Internal Facebook documents released by a U.K. parliamentary committee offer the clearest evidence yet that the social network has used its enormous trove of user data as a competitive weapon, often in ways designed to keep its users in the dark.
Parliament's media committee accused Facebook on Wednesday of cutting special deals with some app developers to give them more access to data, while icing out others that it viewed as potential rivals.
The U.K. committee released more than 200 pages of documents on the tech giant's internal discussions about the value of users' personal information. While they mostly cover the period between 2012 and 2015 – the first three years after Facebook went public – they offer a rare glimpse into the company's inner workings and the extent to which it used people's data to make money while publicly vowing to protect their privacy.
Facebook called the documents misleading and said the information they contain is “only part of the story.”
“Like any business, we had many internal conversations about the various ways we could build a sustainable business model for our platform,” the company said in a statement. “But the facts are clear: We've never sold people's data.”
The U.K. committee seized the documents from app developer Six4Three, which acquired the files as part of a U.S. lawsuit that accuses Facebook of deceptive, anti-competitive business practices.
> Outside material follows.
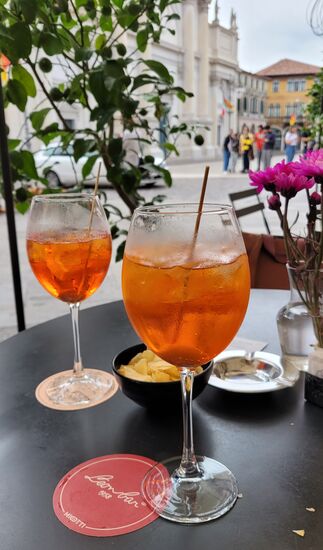 Heute sind wir zwar keinen Meter geradelt, dafür 20.621 Schritte gegangen. Nach einem feinen Abendessen gabs noch einen Barrique-Grappa auf Haus, welchen wir mit 2 netten Damen aus Brasilien und Belarus teilten. Sie waren neugierig was wir im Glas hatten. Beim netten Gespräch flippten sie aus, dass wir mit dem Rad unterwegs waren.

The documents remain under court seal in the U.S.
The committee said Facebook “whitelisted,” or made exceptions for companies such as Airbnb and Netflix, that gave them continued access to users' “friends” even after the tech giant announced changes in 2015 to end the practice.
The cache includes emails from Zuckerberg and other key members of his staff. The emails show Zuckerberg and other executives scheming to leverage user data to favor companies not considered to be threats and to identify potential acquisitions.